» Work instruction
Using the records that follow, reproduce exactly the lines starting at the line containing "PC Double Arm" and ending at the line containing "50% aprilSALG Ralph". Include both end lines and no pictures.

» Records for the task
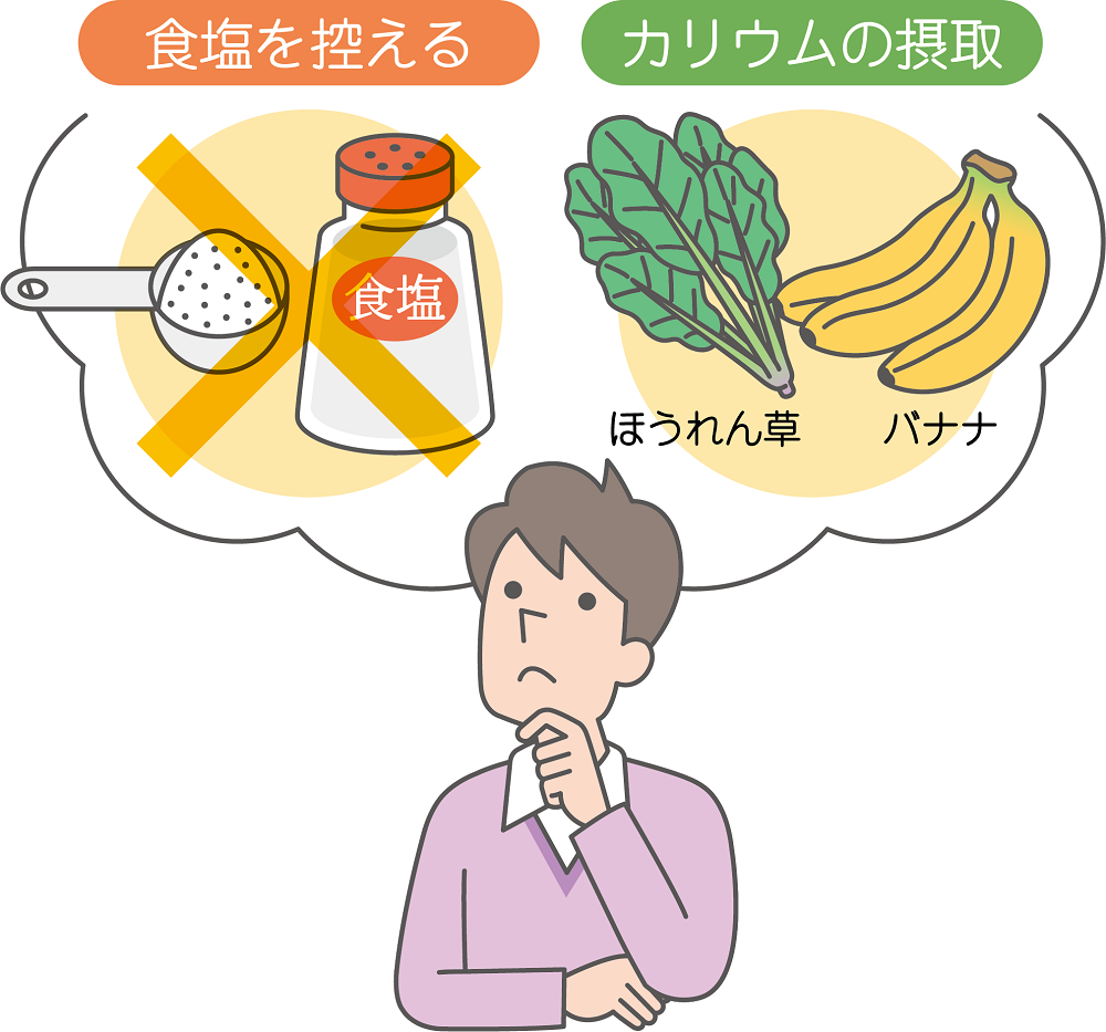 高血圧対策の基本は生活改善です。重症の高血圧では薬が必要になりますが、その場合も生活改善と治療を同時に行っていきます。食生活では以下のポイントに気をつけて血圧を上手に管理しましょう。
---
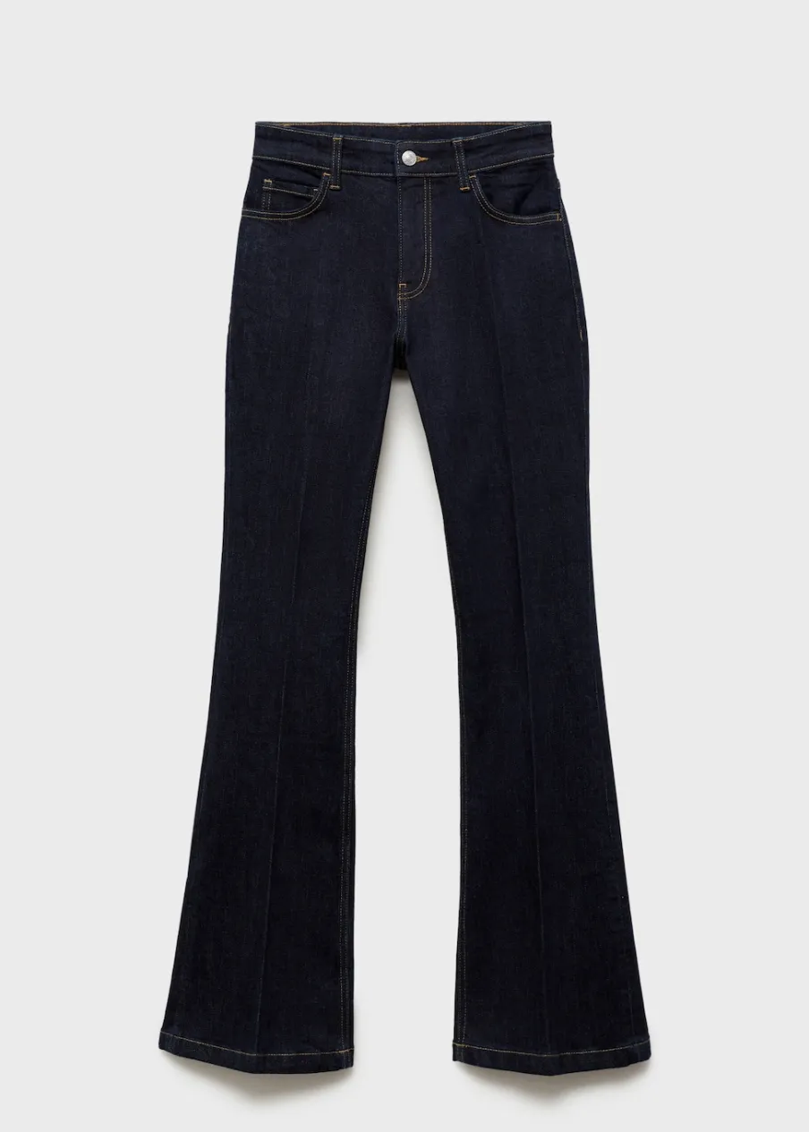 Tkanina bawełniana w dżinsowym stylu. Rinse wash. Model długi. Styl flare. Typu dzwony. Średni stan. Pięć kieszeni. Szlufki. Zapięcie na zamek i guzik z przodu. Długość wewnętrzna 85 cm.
...
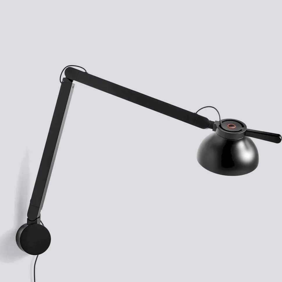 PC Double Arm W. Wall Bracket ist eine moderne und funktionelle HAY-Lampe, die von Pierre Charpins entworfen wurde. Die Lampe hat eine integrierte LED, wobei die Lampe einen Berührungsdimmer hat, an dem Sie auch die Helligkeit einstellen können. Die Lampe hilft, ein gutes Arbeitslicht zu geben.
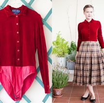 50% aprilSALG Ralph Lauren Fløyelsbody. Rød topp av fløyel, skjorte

» The completed task
 PC Double Arm W. Wall Bracket ist eine moderne und funktionelle HAY-Lampe, die von Pierre Charpins entworfen wurde. Die Lampe hat eine integrierte LED, wobei die Lampe einen Berührungsdimmer hat, an dem Sie auch die Helligkeit einstellen können. Die Lampe hilft, ein gutes Arbeitslicht zu geben.
 50% aprilSALG Ralph Lauren Fløyelsbody. Rød topp av fløyel, skjorte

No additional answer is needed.